● Exercise data:

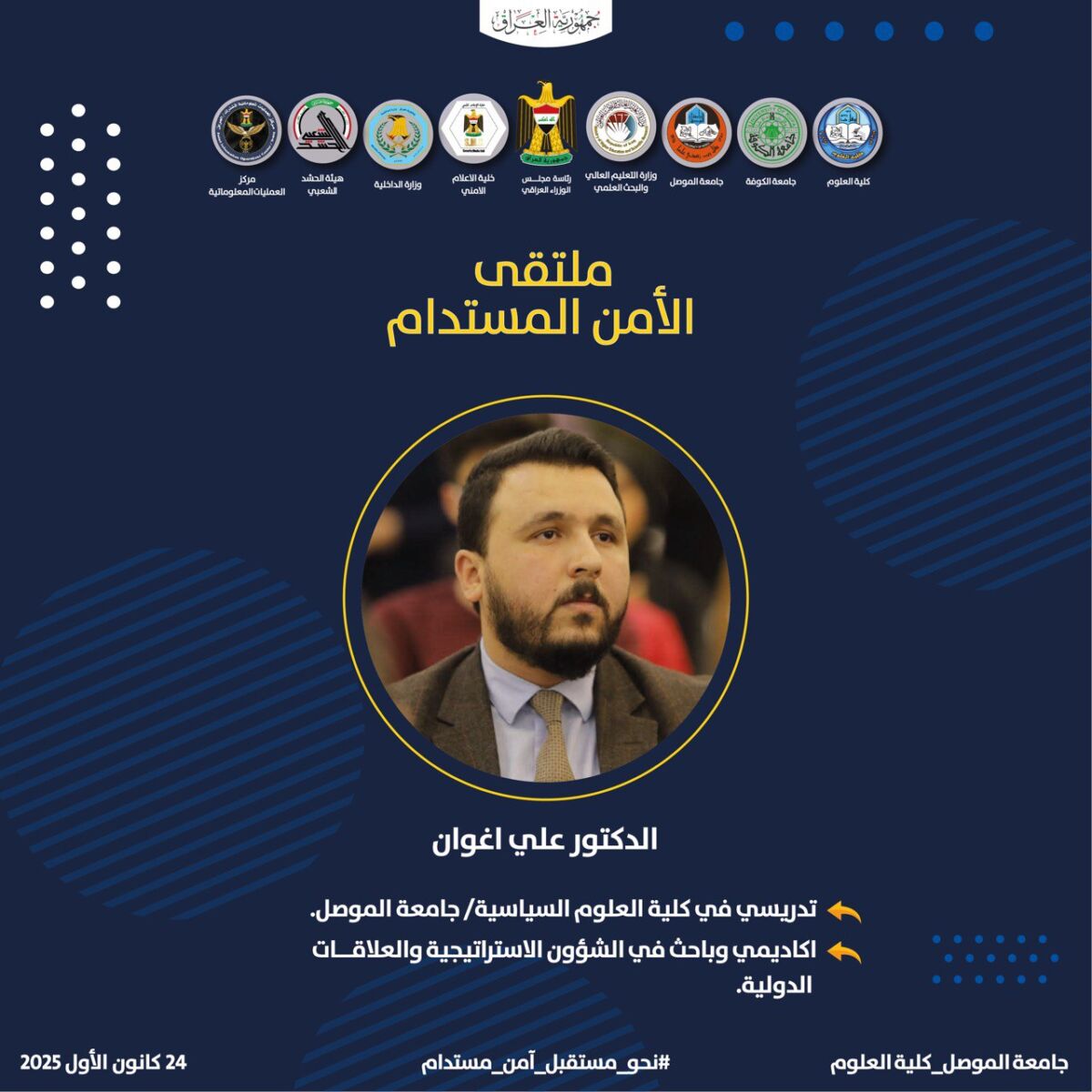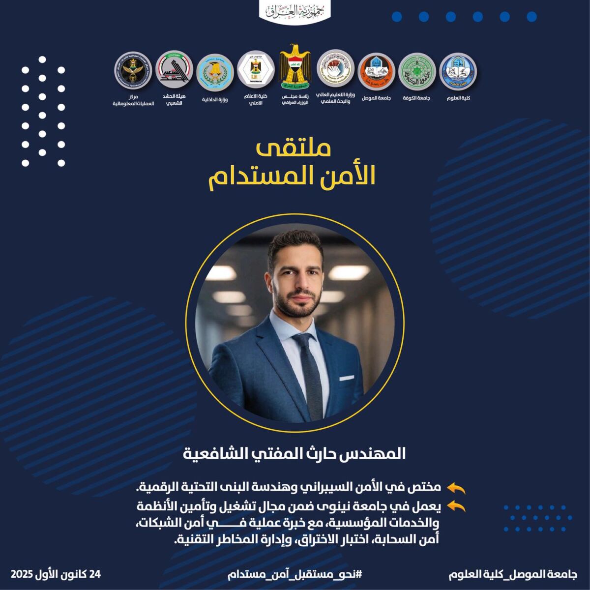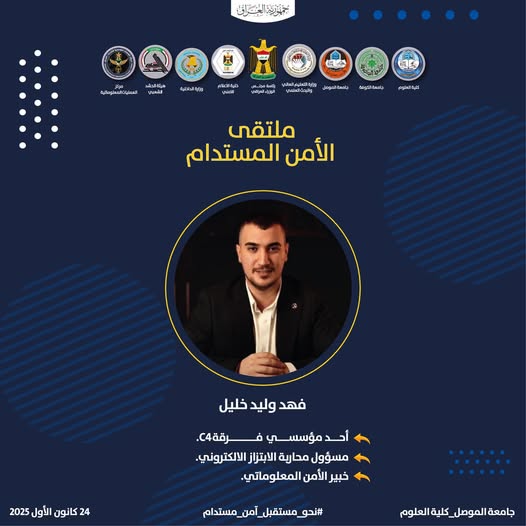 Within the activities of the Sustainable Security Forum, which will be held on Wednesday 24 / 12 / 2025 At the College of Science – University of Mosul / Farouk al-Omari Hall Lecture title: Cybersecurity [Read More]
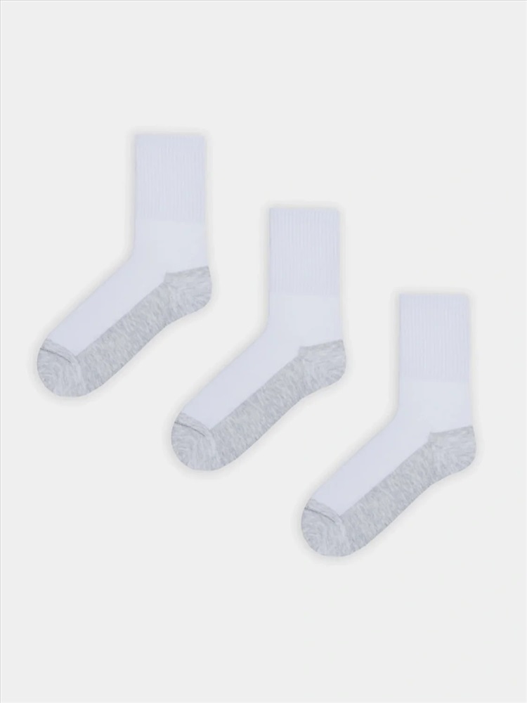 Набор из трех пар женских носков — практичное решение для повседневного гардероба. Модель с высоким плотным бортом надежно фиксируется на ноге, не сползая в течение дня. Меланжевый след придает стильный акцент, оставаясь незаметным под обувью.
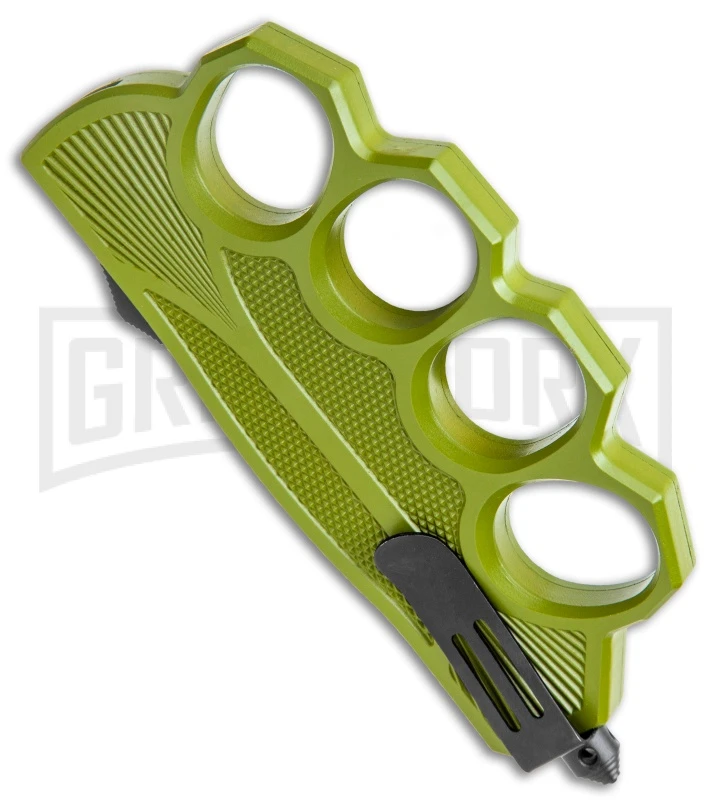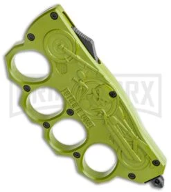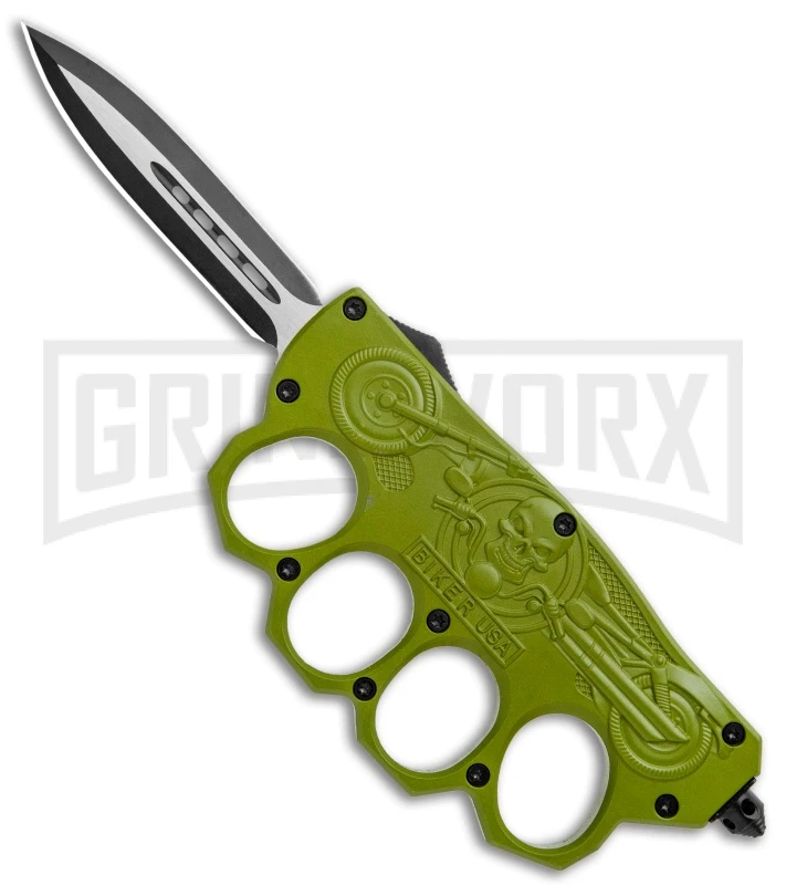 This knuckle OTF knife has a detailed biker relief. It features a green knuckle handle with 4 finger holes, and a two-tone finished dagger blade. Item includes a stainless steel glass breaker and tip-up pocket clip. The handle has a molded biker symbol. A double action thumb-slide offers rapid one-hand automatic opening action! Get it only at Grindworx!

● Work to complete: Apart from the pictures, all of the data must be duplicated exactly as shown above.

● Problem solution:
 Within the activities of the Sustainable Security Forum, which will be held on Wednesday 24 / 12 / 2025 At the College of Science – University of Mosul / Farouk al-Omari Hall Lecture title: Cybersecurity [Read More]
 Набор из трех пар женских носков — практичное решение для повседневного гардероба. Модель с высоким плотным бортом надежно фиксируется на ноге, не сползая в течение дня. Меланжевый след придает стильный акцент, оставаясь незаметным под обувью.
 This knuckle OTF knife has a detailed biker relief. It features a green knuckle handle with 4 finger holes, and a two-tone finished dagger blade. Item includes a stainless steel glass breaker and tip-up pocket clip. The handle has a molded biker symbol. A double action thumb-slide offers rapid one-hand automatic opening action! Get it only at Grindworx!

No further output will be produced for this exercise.